- DATASET
▶

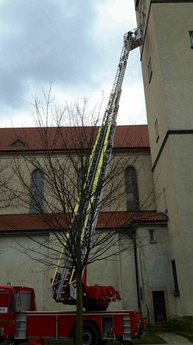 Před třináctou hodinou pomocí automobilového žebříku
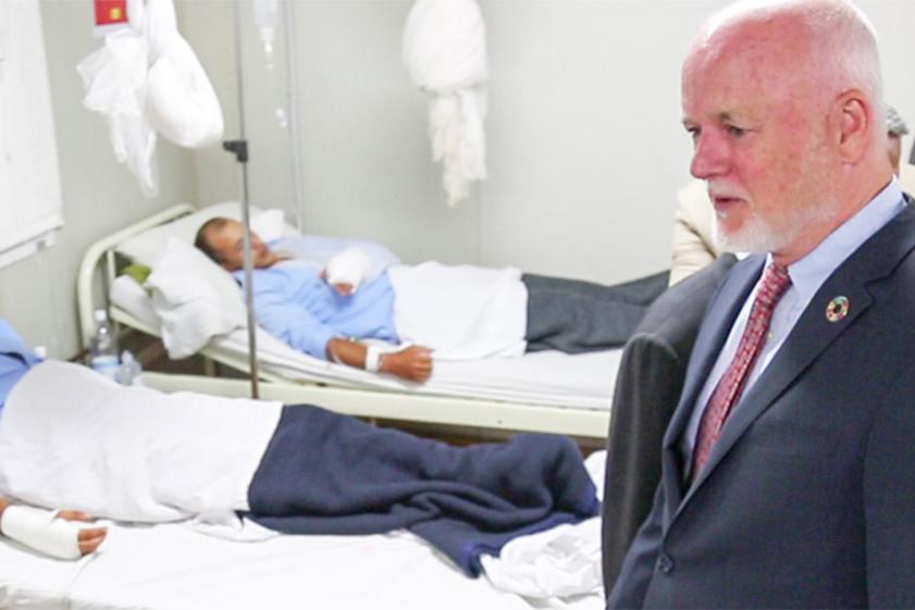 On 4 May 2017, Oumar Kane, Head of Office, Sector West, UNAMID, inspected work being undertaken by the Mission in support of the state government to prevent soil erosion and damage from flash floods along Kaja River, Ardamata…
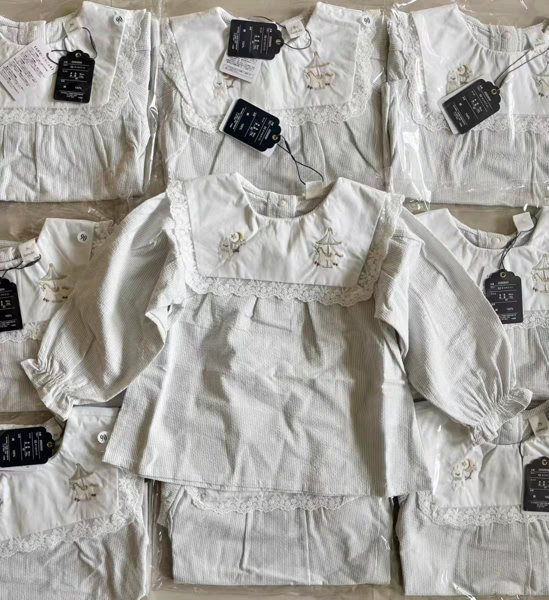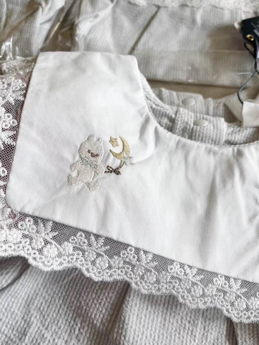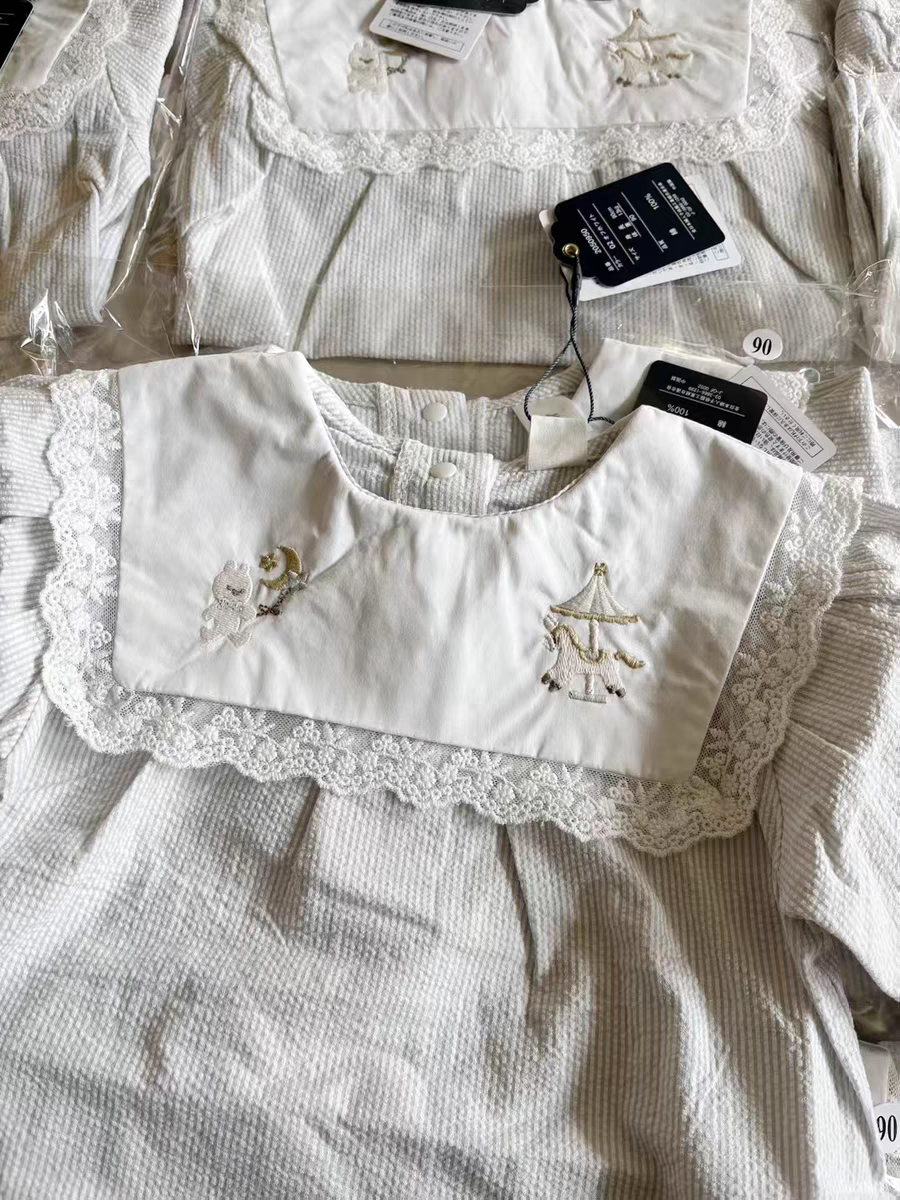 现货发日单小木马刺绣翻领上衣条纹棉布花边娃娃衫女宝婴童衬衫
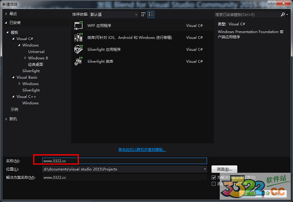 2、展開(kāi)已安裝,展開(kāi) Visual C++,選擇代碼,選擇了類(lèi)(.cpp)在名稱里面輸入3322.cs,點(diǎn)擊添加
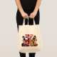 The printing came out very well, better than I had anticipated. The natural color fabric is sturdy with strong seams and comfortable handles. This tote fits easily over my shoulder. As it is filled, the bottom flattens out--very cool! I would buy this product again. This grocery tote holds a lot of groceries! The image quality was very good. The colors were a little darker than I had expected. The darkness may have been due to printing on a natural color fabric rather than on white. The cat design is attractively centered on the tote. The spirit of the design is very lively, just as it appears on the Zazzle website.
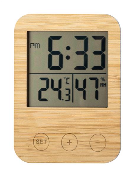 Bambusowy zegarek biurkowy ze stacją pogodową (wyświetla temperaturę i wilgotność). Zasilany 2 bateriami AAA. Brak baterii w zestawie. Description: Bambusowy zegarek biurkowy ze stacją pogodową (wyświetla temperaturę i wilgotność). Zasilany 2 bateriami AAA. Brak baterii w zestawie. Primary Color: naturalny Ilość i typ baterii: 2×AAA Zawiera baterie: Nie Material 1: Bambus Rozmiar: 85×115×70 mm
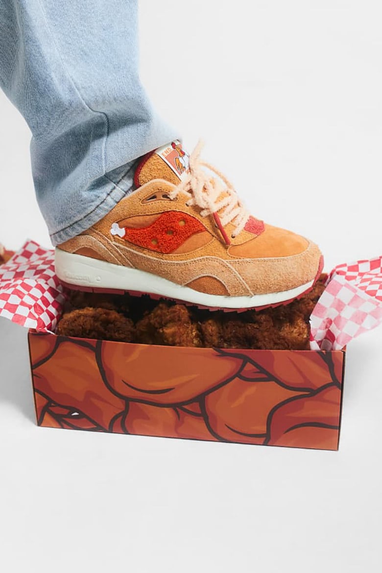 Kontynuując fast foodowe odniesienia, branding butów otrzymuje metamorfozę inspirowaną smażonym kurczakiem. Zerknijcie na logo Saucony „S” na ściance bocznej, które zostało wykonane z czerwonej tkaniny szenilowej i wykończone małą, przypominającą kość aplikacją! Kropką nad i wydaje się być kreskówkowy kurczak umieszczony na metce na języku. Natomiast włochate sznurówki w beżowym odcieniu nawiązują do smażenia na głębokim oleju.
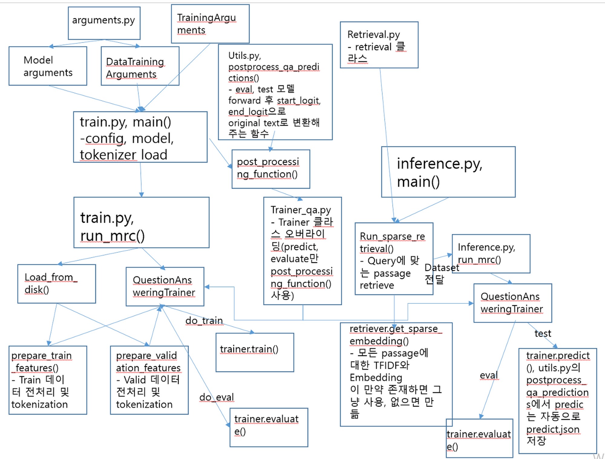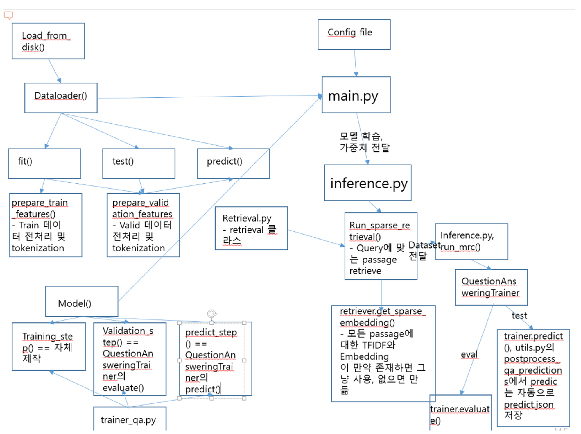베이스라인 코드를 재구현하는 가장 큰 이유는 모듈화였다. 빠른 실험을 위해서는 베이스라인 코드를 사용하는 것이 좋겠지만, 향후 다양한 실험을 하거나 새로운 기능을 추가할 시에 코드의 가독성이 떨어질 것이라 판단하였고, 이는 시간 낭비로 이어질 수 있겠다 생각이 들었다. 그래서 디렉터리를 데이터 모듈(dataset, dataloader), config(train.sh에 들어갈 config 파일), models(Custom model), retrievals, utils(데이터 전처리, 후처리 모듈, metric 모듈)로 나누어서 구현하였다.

◀

- WORK TASK
Repeat the entries exactly, without pictures.

- SOLUTION FOR THIS TASK
 Před třináctou hodinou pomocí automobilového žebříku
 On 4 May 2017, Oumar Kane, Head of Office, Sector West, UNAMID, inspected work being undertaken by the Mission in support of the state government to prevent soil erosion and damage from flash floods along Kaja River, Ardamata…
 现货发日单小木马刺绣翻领上衣条纹棉布花边娃娃衫女宝婴童衬衫
 2、展開(kāi)已安裝,展開(kāi) Visual C++,選擇代碼,選擇了類(lèi)(.cpp)在名稱里面輸入3322.cs,點(diǎn)擊添加
 The printing came out very well, better than I had anticipated. The natural color fabric is sturdy with strong seams and comfortable handles. This tote fits easily over my shoulder. As it is filled, the bottom flattens out--very cool! I would buy this product again. This grocery tote holds a lot of groceries! The image quality was very good. The colors were a little darker than I had expected. The darkness may have been due to printing on a natural color fabric rather than on white. The cat design is attractively centered on the tote. The spirit of the design is very lively, just as it appears on the Zazzle website.
 Bambusowy zegarek biurkowy ze stacją pogodową (wyświetla temperaturę i wilgotność). Zasilany 2 bateriami AAA. Brak baterii w zestawie. Description: Bambusowy zegarek biurkowy ze stacją pogodową (wyświetla temperaturę i wilgotność). Zasilany 2 bateriami AAA. Brak baterii w zestawie. Primary Color: naturalny Ilość i typ baterii: 2×AAA Zawiera baterie: Nie Material 1: Bambus Rozmiar: 85×115×70 mm
 Kontynuując fast foodowe odniesienia, branding butów otrzymuje metamorfozę inspirowaną smażonym kurczakiem. Zerknijcie na logo Saucony „S” na ściance bocznej, które zostało wykonane z czerwonej tkaniny szenilowej i wykończone małą, przypominającą kość aplikacją! Kropką nad i wydaje się być kreskówkowy kurczak umieszczony na metce na języku. Natomiast włochate sznurówki w beżowym odcieniu nawiązują do smażenia na głębokim oleju.
베이스라인 코드를 재구현하는 가장 큰 이유는 모듈화였다. 빠른 실험을 위해서는 베이스라인 코드를 사용하는 것이 좋겠지만, 향후 다양한 실험을 하거나 새로운 기능을 추가할 시에 코드의 가독성이 떨어질 것이라 판단하였고, 이는 시간 낭비로 이어질 수 있겠다 생각이 들었다. 그래서 디렉터리를 데이터 모듈(dataset, dataloader), config(train.sh에 들어갈 config 파일), models(Custom model), retrievals, utils(데이터 전처리, 후처리 모듈, metric 모듈)로 나누어서 구현하였다.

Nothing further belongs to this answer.